Functions for handling UTF-8 encoded string

Functions

constexpr std::size_t u8_index(std::string_view str, std::size_t n) noexcept

Get the byte offset of the nth character in a UTF-8 string.

Parameters:
  • str – The UTF-8 encoded string to search

  • n – The character index to find

Returns:

Byte offset of the nth character, or -1 if out of range

constexpr std::size_t u8_index_r(std::string_view str, std::size_t n) noexcept

Get the byte offset of the nth character from the end of a UTF-8 string.

Parameters:
  • str – The UTF-8 encoded string to search

  • n – The character index from the end to find

Returns:

Byte offset of the nth character from end, or -1 if out of range

constexpr unsigned int u8_bytes(char first) noexcept

Determine the number of bytes in a UTF-8 character from its first byte.

Parameters:

first – The first byte of a UTF-8 character

Returns:

Number of bytes in the character (1-4)

constexpr std::size_t u8_strlen(std::string_view str) noexcept

Count the number of UTF-8 characters in a string.

Parameters:

str – The UTF-8 encoded string to measure

Returns:

Number of characters in the string

inline char32_t u8_bytes_to_int(const char *str) noexcept

Convert a sequence of UTF-8 bytes to a Unicode code point.

Parameters:

str – Pointer to the start of a UTF-8 character sequence

Returns:

The decoded Unicode code point

constexpr unsigned int u8_int_to_bytes(char32_t ch, char *buf)

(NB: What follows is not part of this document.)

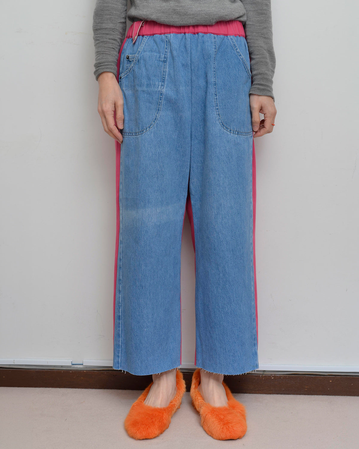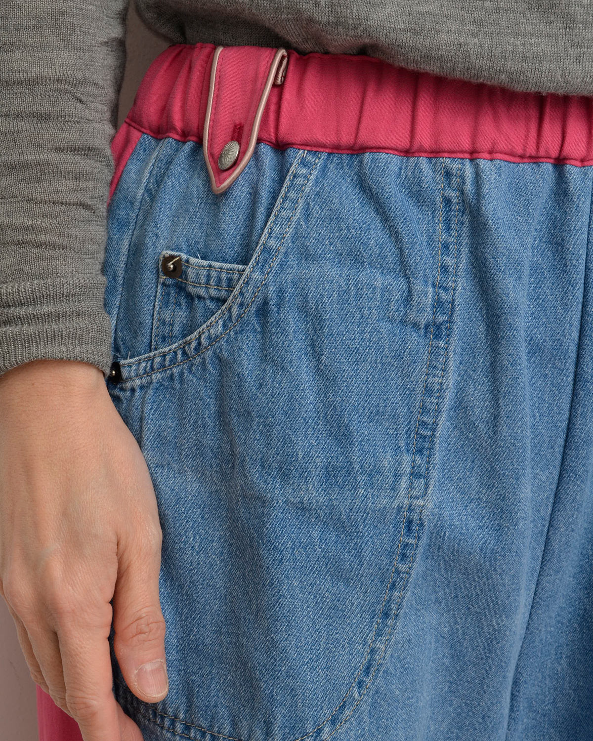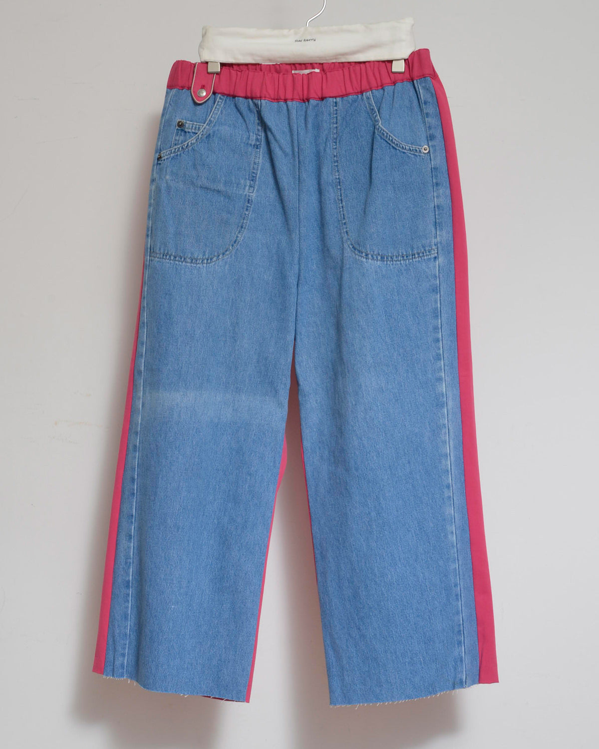 前身頃にはusedデニムのイージーパンツを大胆にそのまま使用し、ポケットも古着のディテールを活かしています。

Convert a Unicode code point to UTF-8 bytes.

Parameters:
  • ch – The Unicode code point to encode

  • buf – Buffer to store the UTF-8 bytes (must have space for 4 bytes)

Returns:

Number of bytes written to the buffer (1-4)

constexpr std::string_view u8_substr(std::string_view sv, std::size_t pos, std::size_t n = std::string_view::npos)

Extract a substring from a UTF-8 string by character position.

Parameters:
  • sv – The UTF-8 encoded string view

  • pos – Starting character position

  • n – Number of characters to extract (or npos for remainder)

Returns:

Substring view

constexpr std::string_view u8_substr_r(std::string_view sv, std::size_t pos, std::size_t n = std::string_view::npos)

Extract a substring from a UTF-8 string by character position from end.

Parameters:
  • sv – The UTF-8 encoded string view

  • pos – Starting character position from end

  • n – Number of characters to extract (or npos for remainder)

Returns:

Substring view

constexpr std::string_view u8_remove_prefix(std::string_view str, std::size_t n)

Remove the first n characters from a UTF-8 string.

Parameters:
  • str – The UTF-8 encoded string view

  • n – Number of characters to remove from start

Returns:

String view with prefix removed

constexpr std::string_view u8_remove_suffix(std::string_view str, std::size_t n)

Remove the last n characters from a UTF-8 string.

Parameters:
  • str – The UTF-8 encoded string view

  • n – Number of characters to remove from end

Returns:

String view with suffix removed

inline void u8_replace_inplace(std::string &target, std::size_t idx, std::size_t n, std::string_view str)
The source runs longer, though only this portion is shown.